T038 + T039: OTEL span instrumentation and per-adapter READMEs#38
T038 + T039: OTEL span instrumentation and per-adapter READMEs#38likith1908 wants to merge 3 commits into
Conversation
anmolg1997
left a comment
There was a problem hiding this comment.
Approved. Clean close-out of WS003 — T038 and T039 both done, and the contract suite's C-OCR-011 placeholder is now a real test.
What I verified
T038 — OTEL instrumentation (iris_engine/ocr/tracing.py)
- Single shared async CM
instrument_extractwrapping all five adapters — the right call. One central module means every adapter emits identically-shaped spans; no per-adapter drift in attribute names. - Span attributes match US6: adapter_id, tenant_id, product_slug, document_id, content_type set up front; total_pages / total_latency_ms / success set after the inner await so they reflect the real outcome (not optimistic pre-values).
- Error path is thorough: typed
OCRError→ocr.success=False+ocr.error_category=<ExceptionName>+record_exception+StatusCode.ERROR+ a structured warning log. A separateexcept Exceptioncatches the unexpected case witherror_category="UnexpectedError". Both re-raise — instrumentation never swallows. opentelemetry-apias an iris-engine dep,opentelemetry-sdkin root dev only (test exporter). Correct split — the SDK/exporter is a test/runtime-wiring concern, the API is what library code codes against.tests/contract/conftest.pywires anInMemorySpanExporteronce and thespan_exporterfixture clears per test. C-OCR-011 is now a real parametrised assertion across all 5 adapters: span name, tenant_id, adapter_id, document_id, success=True. The skip is gone.

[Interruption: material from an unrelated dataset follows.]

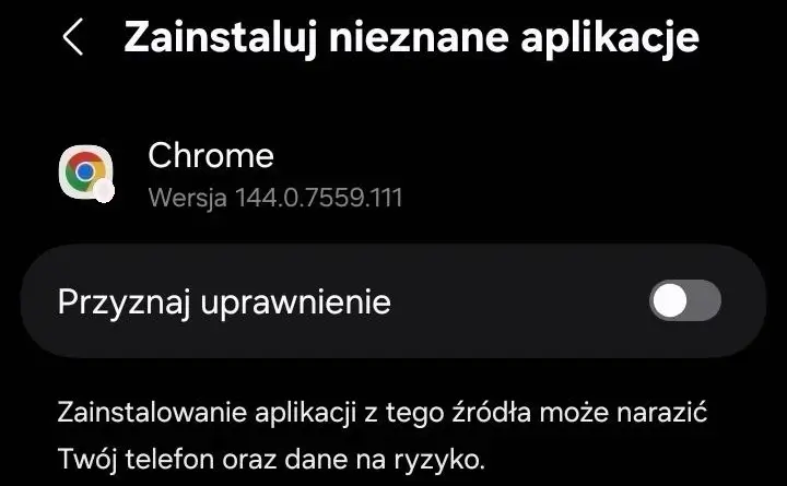 Nie przyznawaj uprawnienia do instalacji nieznanych aplikacji.

T039 — four adapter READMEs
- One per adapter: prerequisites, env vars, running tests, how it works, limitations. The PaddleOCR README's airgapped section (pre-seeding PP-DocLayoutV3 + doc-preprocessor) is exactly the gap I flagged on #35 — it's now documented where an ops person will find it. Good follow-through.
Sensible scope deviation, well-flagged
- Wrapping
InMemoryOCREnginetoo (original T038 listed only the 4 real adapters) so C-OCR-011 gets full 5-adapter coverage. Agreed — the in-memory engine is a fixture for integration/agent tests, so a real span there is useful downstream. Flagged in the PR body rather than done silently.
Gates
- Contract suite: 71 passed, 0 skipped (was 66 + 1 skip — the +5 is C-OCR-011 across 5 adapters now live).

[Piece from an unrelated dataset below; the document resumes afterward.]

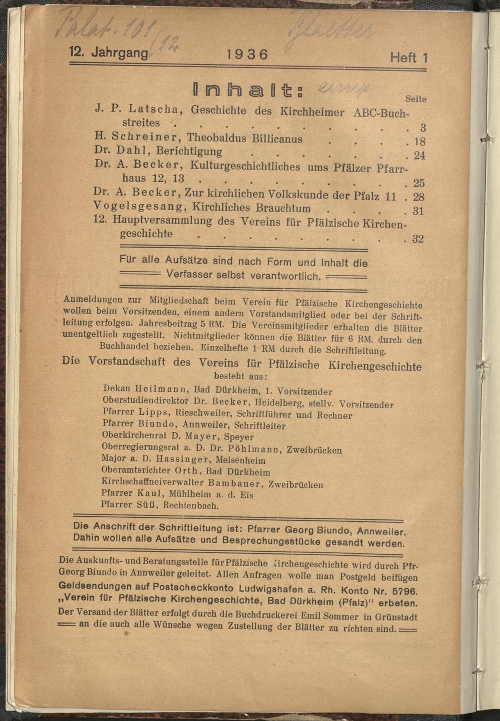 Blätter für pfälzische Kirchengeschichte / Verein für Pfälzische Kirchengeschichte

- Full suite: 373 passed. lint: 3 contracts kept, 0 broken (iris_engine→opentelemetry is an external dep, layers intact). mypy clean on 19 files.

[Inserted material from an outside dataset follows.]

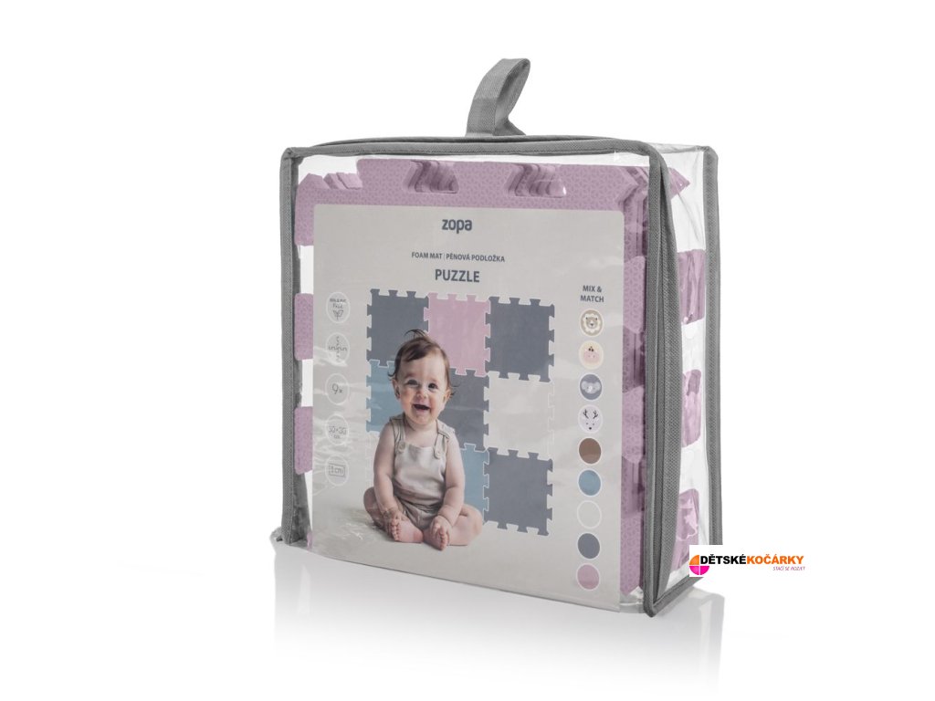 Pěnová podložka ZOPA Puzzle 30x30 cm 9ks je puzzle je vyrobené z kvalitní EVA pěny. Plní funkci nejen podložky, která zajistí pohodlí díky izolaci od chladu, ale zároveň praktické pomůcky pro první měsíce miminka, kdy poskytuje měkkou oporu při pasení koníčku nebo prvním lezení. Zároveň, když podložku nepoužíváte a je složená, nezabírá zbytečně moc místa. Podložka je balena v praktické přepravní tašce a lze ji snadno sbalit v případě, že ji nepoužíváte nebo pokud si ji potřebujete vzít kamkoliv s sebou.

One optional style note (not blocking)
The adapters do from iris_engine.ocr.tracing import instrument_extract, log_extract_success as a function-local import inside extract(). Since opentelemetry-api is now a hard iris-engine dependency, a module-top import would work and read more conventionally. Function-local is harmless (avoids any import-time cost, no cycle), just slightly unusual — fine to leave or hoist whenever you next touch these files.
Status
WS003 is complete: T030-T039 all done. With #35/#36/#37 already approved ahead of this, the OCR workstream merges as a clean six-commit-deep stack. Onto #39 (T040, LLMProvider Protocol) and #40 (T041+T042) — the start of WS004.
193ab70 to
b6c54b9
Compare
|
Hoisted the |
Adds iris_engine.ocr.tracing with instrument_extract() async context manager and log_extract_success(). Every adapter's extract() is wrapped: span name ocr.extract, attributes ocr.adapter_id, ocr.tenant_id, ocr.product_slug, ocr.document_id, ocr.content_type, ocr.total_pages, ocr.total_latency_ms, ocr.success. OCRError subtypes recorded with ocr.error_category; unexpected exceptions re-raised with StatusCode.ERROR. InMemoryOCREngine also wrapped so C-OCR-011 covers all 5 adapters. conftest.py wires an InMemorySpanExporter at module level; span_exporter fixture clears it per test. C-OCR-011 parametrised across all 5 adapters. opentelemetry-api>=1.20 added to iris-engine deps; opentelemetry-sdk>=1.20 added to root dev deps. mypy ignore_missing_imports added for opentelemetry (no upstream type stubs).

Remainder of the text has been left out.